Society Is Us

Nov 06, 2016

by Mary Mortenson, Director, Prison Congregations of America

This week, it will be over.  The elections will be done and the most angry and cruel campaign season in recent times will be history.  Except, of course, for the fact that it won’t be done.  In one day we will not forget the insults and the lies and the threats.  In one day we will not suddenly start acting like adults instead of petulant children.

Now the work begins, and it is my belief, that now, more than ever, is when the church needs to step up.  I’m not suggesting that the church’s voice has been silent these last grueling months, but I am suggesting that the church’s voice should now be constant, as it seeks to be a healing agent.

In my graduate studies through the University of South Dakota, I had the privilege of studying under Dr. Joan England, who taught us as much from her beautiful spirit as from her amazing intellect.  One of the things I’ve always carried with me is her assertion that we should not merely wring our hands about the state of society for we are society.  I would expand that to say that we are also the church.  Thus, what I choose to say and do, every day, every moment, is defining both society and the church for those around me.

Therefore, it stands to reason that our behaviors, language and attitudes can, indeed, influence and offer healing to society and a church that are suffering.  I know that this can happen, because I have seen it. I see it every time I worship in a prison congregation, where people of diverse backgrounds and belief systems still find common ground in worship and mission.  When I have commented on this phenomenon to prison congregation members the response is always something like, “When you disagree with someone, you can go to your car and go home.  When we disagree with someone, we have to live with him/her.  We have to learn to get along.” I think we, on the outside, need to learn to get along.

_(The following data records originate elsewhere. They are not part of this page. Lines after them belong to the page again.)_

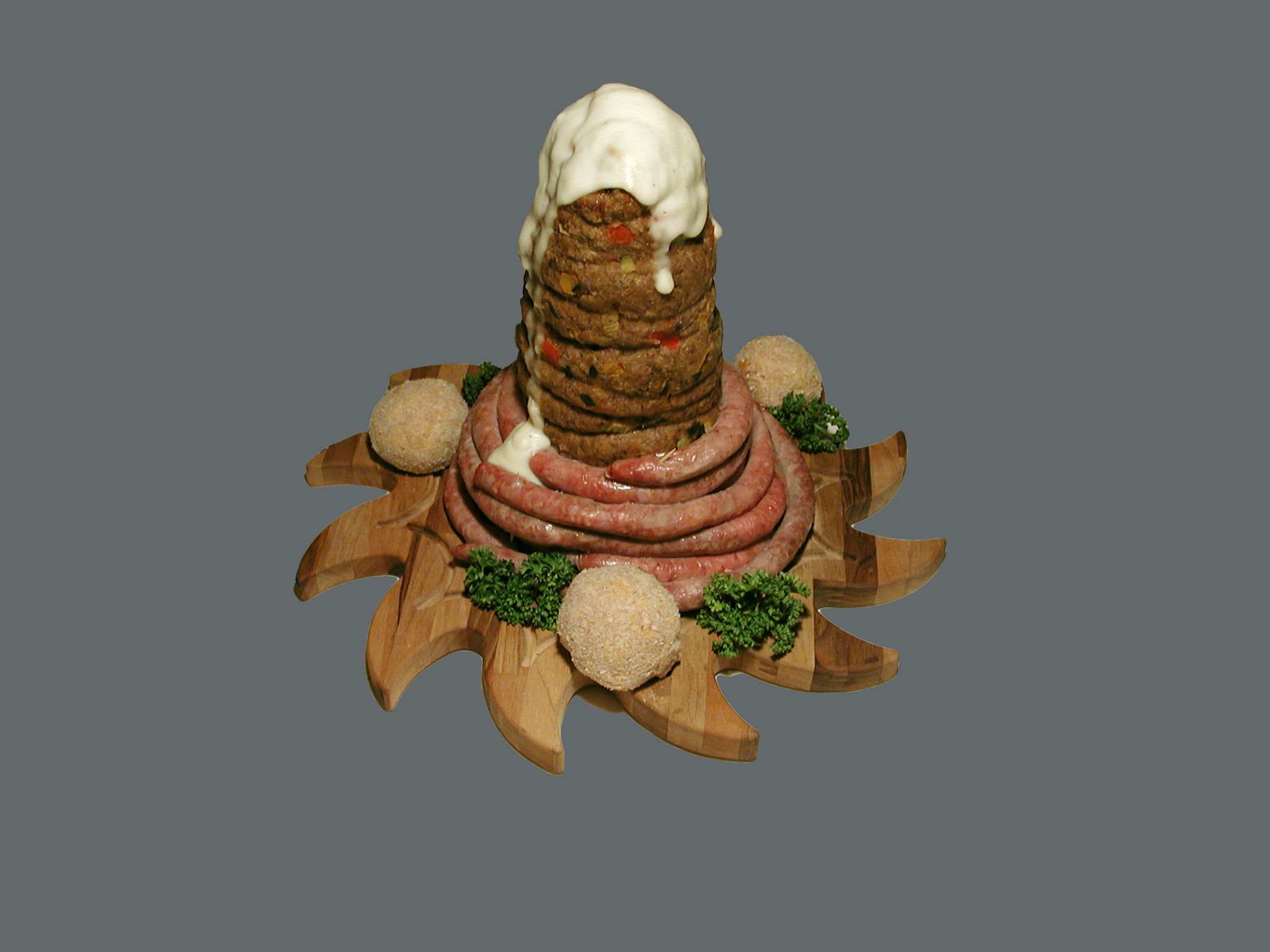 Plat en forme de fuselage d’avion dont les onze légumes rappelle les terroirs de la Péninsule et dont les saucisses et le poulet bouilli sont un hommage au sources paysannes de l’Italie.
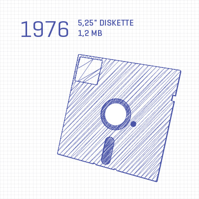 1976 war es dann soweit. Die 5,25″ Floppy Disc war das erste Massenprodukt, das als Speichermedium in der IT zum Einsatz kam.
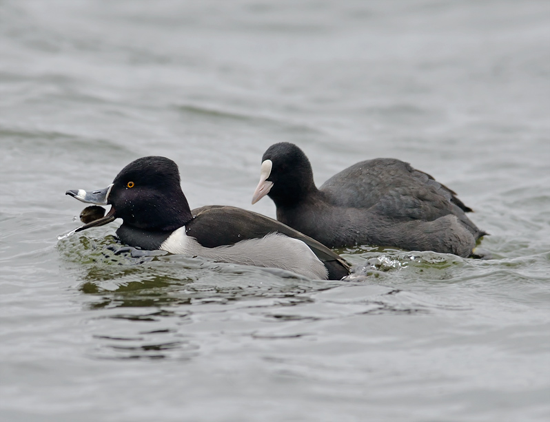 Beskrivelse: 17/22 lå Halsbåndstroldanden ganske nær bådebroen i en isvåge, men næste dag var alt tøet væk. Tak til Alex R. for at genfinde fuglen ovre på modsatte side af søen blandt fourageringsflokken dér.
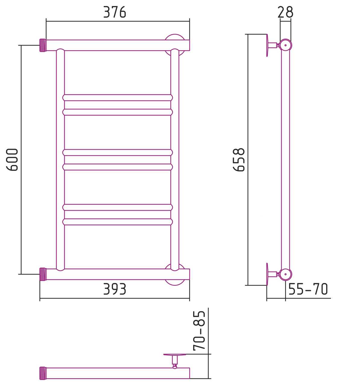 Полотенцесушитель водяной Стилье Минор 0601 600х400 (2+2+2) П хром (00601-6040)
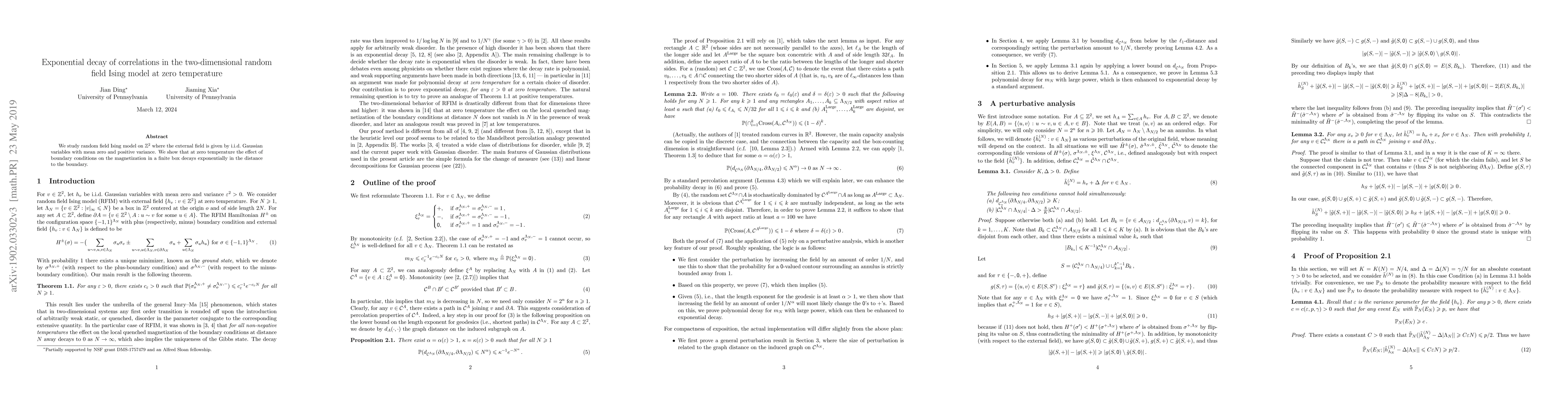 Summary: This paper investigates the two-dimensional random field Ising model at zero temperature, demonstrating that the influence of boundary conditions on magnetization decays exponentially with distance from the boundary. The external field consists of independent identically distributed Gaussian variables.

The Message paraphrases Romans 12: 17-19 like this: Bless your enemies; no cursing under your breath.  Laugh with your happy friends when they’re happy; share tears when they’re down.  Get along with each other; don’t be stuck-up.  Make friends with nobodies; don’t be the great somebody.  Don’t hit back; discover beauty in everyone.  If you’ve got it in you, get along with everybody.  Don’t insist on getting even; that’s not for you to do.  “I’ll do the judging,” says God. “I’ll take care of it.

I think that is pretty good guidance for people who are society and who are the church.